De rechtbank gaat er op basis van het vorenstaande van uit vast dat verdachte niet met de intentie op pad is gegaan om anderen op het station te doen geloven dat er een bom zou (kunnen) ontploffen. Van de kans dat anderen dat zouden geloven hoefde hij zich ook niet bewust te zijn, omdat hij op geen enkel moment het signaal heeft gekregen dat anderen daadwerkelijk zouden kunnen schrikken. Noch de partner van zijn vriend, noch zijn begeleiders hebben daarop gewezen. Het wellicht lastig te geloven verhaal dat verdachte zijn surprise per ongeluk op het perron heeft laten staan, kan begrepen worden op grond van het Pro Justitia rapport, waarin ook met zoveel woorden staat: “de warrigheid en het verlies van overzicht (bij veel prikkels), al dan niet onder invloed van middelen, kan een rol gespeeld hebben in het scenario dat verdachte zijn “surprise” was vergeten.”
Alles overziend en de verklaring van verdachte ter terechtzitting in aanmerking nemende, is de rechtbank van oordeel dat het aan verdachte ten laste gelegde onder feit 1 niet wettig en overtuigend kan worden bewezen. Hij zal daarvan dan ook worden vrijgesproken.

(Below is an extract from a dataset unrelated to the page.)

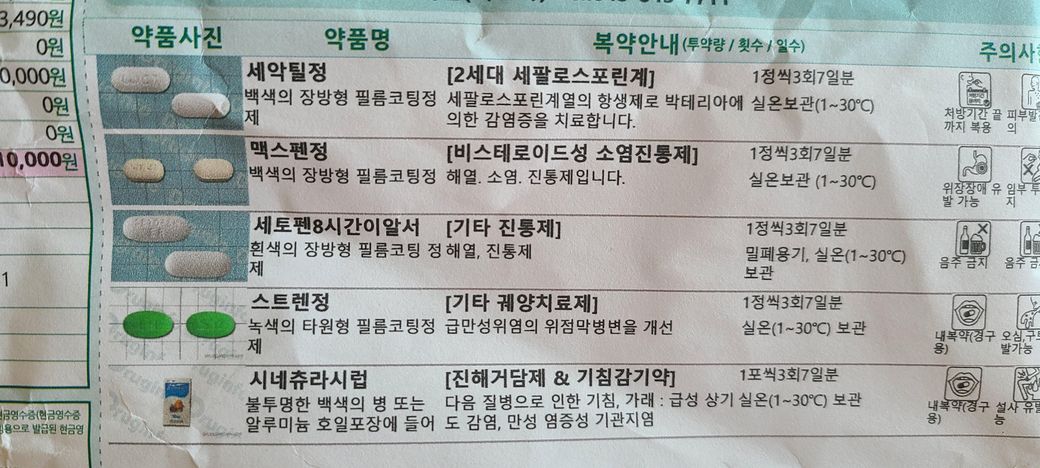 증상 완화시 항생제랑 스트렌정, 시네츄라 시럽만 복용하셔도 됩니다.

Uit de aangifte van [aangever] namens [instelling] blijkt - zakelijk weergegeven - het volgende:
Op maandag 2 december 2019, omstreeks 4:30 uur, zag ik [verdachte] bij ons voor
het toegangshek staan op het terrein. Hij zei dat ik het toegangshek weer dicht moest doen. Vervolgens gaf hij een duw of hij drukte tegen het hek. Ik hoorde vervolgens een klik of een knal en ik zag dat het hek er vervolgens uit lag.
Uit een proces-verbaal bevindingen, inhoudende het bekijken van camerabeelden, blijkt - zakelijk weergegeven - het volgende:
Op maandag 2 december 2019 hebben wij de camerabeelden bekeken die ter beschikking zijn gesteld ter zake de vernieling gepleegd op 1 december 2019 op de [adres] te [woonplaats] . Wij zagen dat de verdachte vervolgens de pinnen van het toegangshek omhoog
schoof waardoor je het hek kan bewegen. Wij zagen dat de verdachte dit bij beide poortdeuren deed. Wij zagen dat de verdachte aan de buitenzijde van de poortdeuren ging staan en met beide handen een poortdeur vasthield. Wij zagen dat de verdachte vervolgens beide poortdeuren met kracht naar zich toe trok, vervolgens zagen wij dat de bovenste scharnier van de rechter poortdeur brak. Wij zagen dat de pinnen uit de poorten weer naar beneden vielen waardoor deze vast zaten aan de grond. Vervolgens zagen wij dat de verdachte de rechter poortdeur vastpakt met zijn rechterhand en het hek naar zich toe trekt. Wij zagen dat de rechter poortdeur op de grond viel en de verdachte opnieuw het terrein binnenliep.
Uit de verklaring van verdachte op de zitting van 21 maart 2022 blijkt - zakelijk weergegeven - het volgende:
Ik heb met mijn handen het hek beetgepakt en naar mij toe getrokken. Het hek viel toen op mij enkel.